22 de outubro de 2008

Sambistas “aposentam a navalha” em canções trabalhistas

O compositor Wilson Batista era um assíduo freqüentador da Lapa, reduto da nata da malandragem carioca na primeira metade do século passado. Tanto que num de seus principais sucessos, Lenço no Pescoço, se cita como um típico personagem do local: De chapéu do lado / Tamanco arrastando / Lenço no Pescoço / Navalha no bolso / Eu passo gingando / Provoco e desafio / Eu tenho orgulho em ser tão vadio...

Mas, com a instituição do Estado Novo pelo presidente Getúlio Vargas, em 1937, passou a haver intensa valorização do trabalhismo.
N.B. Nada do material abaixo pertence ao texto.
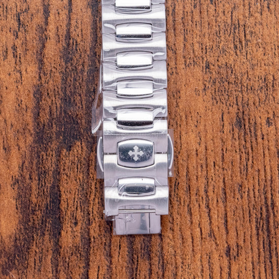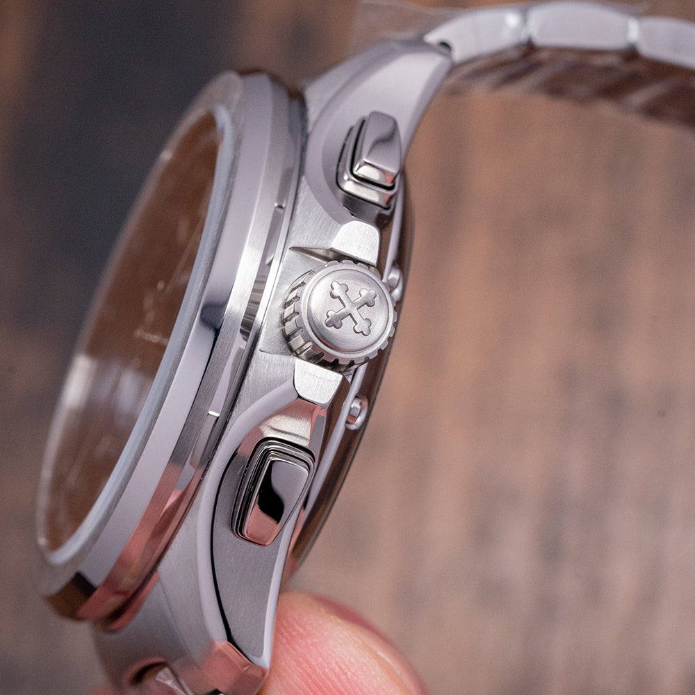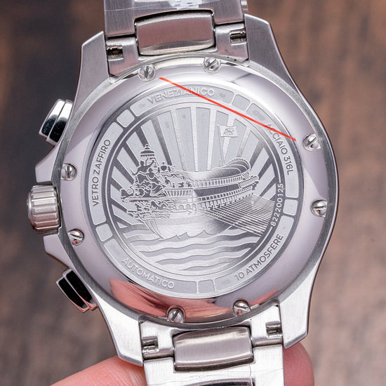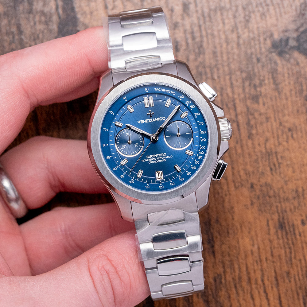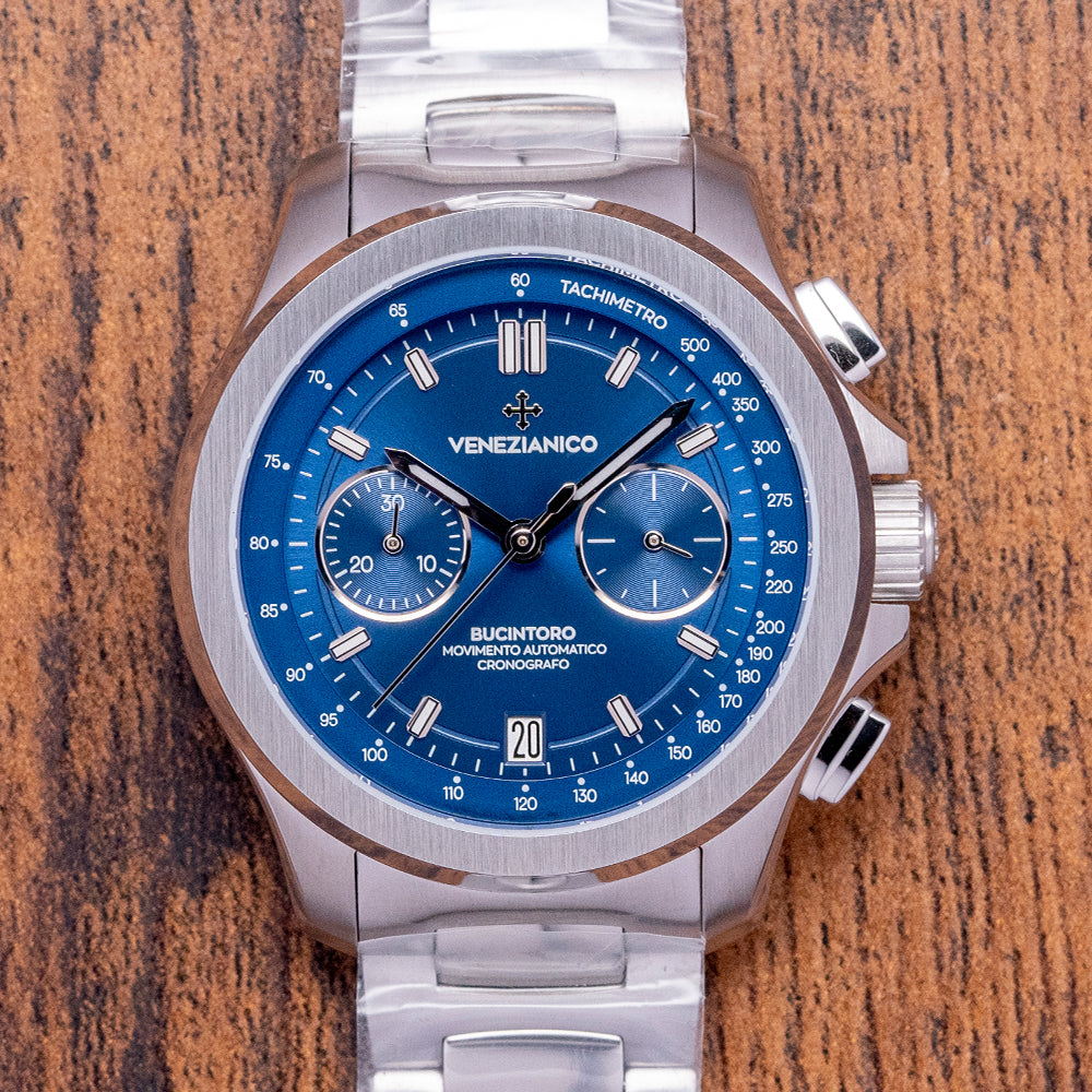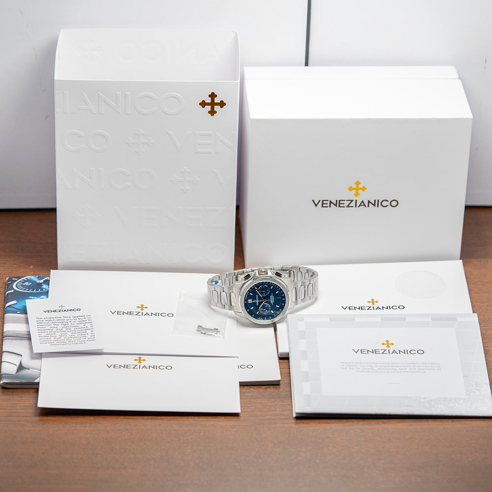 Here, we have a curvaceous, unworn 2023 Venezianico Bucintoro Blue Chrono. Named after the Doge's ceremonial flagship galley that led the Regata Storica, which has taken place on the Grand Canal in Venice since the 13th Century. The polished and brushed 41mm stainless steel case curves over your wrist with thick lugs, and its polished chamfered edge leads to a lug-to-lug length of 47.5mm and a case thickness of 14.5mm, giving the watch an impressive wrist presence. Down the right side, we have the polished pushers for the chronograph and a signed crown, which is protected by crown guards in the centre. The stepped brushed and polished smooth bezel holds a sapphire crystal AR coated above a dynamic sunburst blue bicompax dial. A raised outer Tachymeter rehaut surrounds a minute chapter ring with applied polished facet-edged baton indexes filled with BGW9 Super-LumiNova marking the hours, at 6 o’clock a recessed date window, at 3 o’clock a continuous seconds register and at 9 o’clock a 30-minute register, each sits slightly recessed and has a polished ring and concentric circular pattern, slender steel hands filled with BGW9 Super-LumiNova are complemented by a tapered chronograph hand, at 12 o’clock we have the Venezianico motif and at 6 o'clock “Bucintoro Movimento Automatico Cronografo”. On the reverse, a screwed-down solid case back with the details of the watch in relief around its edge and a splendid engraved depiction of the famous Doge's ceremonial flagship galley, “Bucintoro”. Inside an automatic Seiko Cal. NE86A, 34 jewels, beating at 28,800 beats per hour, this quality column wheel movement has a vertical clutch for precision and has hand winding and hacking seconds for your convenience. It comes paired with its original Venezianico 20mm polished and brushed stainless steel bracelet secured by a signed concealed butterfly clasp; all links are provided. This watch is sold with its original Venezianico box and Venezianico paperwork.

Músicas como as de Wilson eram censuradas pelo Governo ou pela própria população, que via nas letras temas que denegriam as causas nacionais.

O malandro não teve dúvidas. Compôs Bonde de São Januário, um hino de exaltação ao trabalho, e ficou bem com todo mundo: Quem trabalha é quem tem razão / Eu digo e não tenho medo de errar / O Bonde São Januário / Leva mais um operário / Sou eu que vou trabalhar.

Ouça a música:



Não foi o único a lançar mão do artifício. O sambista Geraldo Pereira, outro notório malandro, compôs a bela Pedro do Pedregulho, na qual canta sobre um sujeito barra-pesada, que quebrava barracos, brigava com a polícia e só vivia do jogo. Para alívio dos trabalhistas, Pedro se regenera no fim: E ele trocou o revólver que usava, fingindo embrulho / Por uma marmita, e sobe o Pedregulho / De noite, cansado do seu batedor.
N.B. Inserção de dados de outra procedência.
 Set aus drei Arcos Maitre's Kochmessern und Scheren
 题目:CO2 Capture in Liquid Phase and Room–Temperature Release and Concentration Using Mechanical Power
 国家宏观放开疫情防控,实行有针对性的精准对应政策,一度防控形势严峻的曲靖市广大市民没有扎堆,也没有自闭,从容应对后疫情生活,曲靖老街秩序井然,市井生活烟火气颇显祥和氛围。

Ouça a música, cantada pelo próprio Geraldo:


3 comentários:

Anônimo disse...

Bonde São Januário era cantado nas ruas, e ficou assim, dessa forma, muito popular no carnaval, inclusive pelo próprio Batista, com a letra:

"Quem trabalha não tem razão.
Eu digo e não tenho medo de errar.
O bonde São Januário
Leva mais um sócio-otário
Hoje eu não vou trabalhar."

Isso é interessante. Esse samba que você citou, o "lenço no pescoço"... o rebote de Noel, meio que atestava isso, não é? Uma vez que ele era um homem de respeito no rádio e nessa época, havia esse movimento de "desmalandramento" do samba, encabeçado pelo Almirante. Sendo o rádio, instrumento do governo na época, esse movimento era parte da campanha nacionalista do Vargas. Porém, fora isso, alguns sambistas, como o Paulo da Portela, por exemplo, pregavam a mesma coisa, mas com o discurso de melhora da imagem do sambista, perante a elite brasileira. Como uma forma do samba ser melhor aceito, desmarginalizado. Ou seja, pegou o gancho da imposição do governo para propor questões que atingiam diretamente os sambistas.
Eu falo isso, porque o próprio Paulo fez um samba em homenagem ao Prestes, com o título de "Prestes, Cavaleiro da Esperança". Isso me leva a acreditar que existia uma leva de sambistas que concientemente fazia o jogo do estado, porém colocando em xeque as suas reais razões.

Anônimo disse...

Oi, vi o seu comentário lá no blogue "das bagunças insones" e resolvi dar um clique, para conhecê-lo. Gostei bastante.Textos bem redigidos e interessantíssimos.
Voltarei.

Sra. D, disse...

"Deixa de arrastar o teu tamanco, pois tamanco nunca foi sandália..."

Opa...sala de bate papos, já me sinto em casa!

Tudo pela legalidade! Dá-lhe Getúlio?

Uma pergunta: Quando vamos estar dando uma atualizada?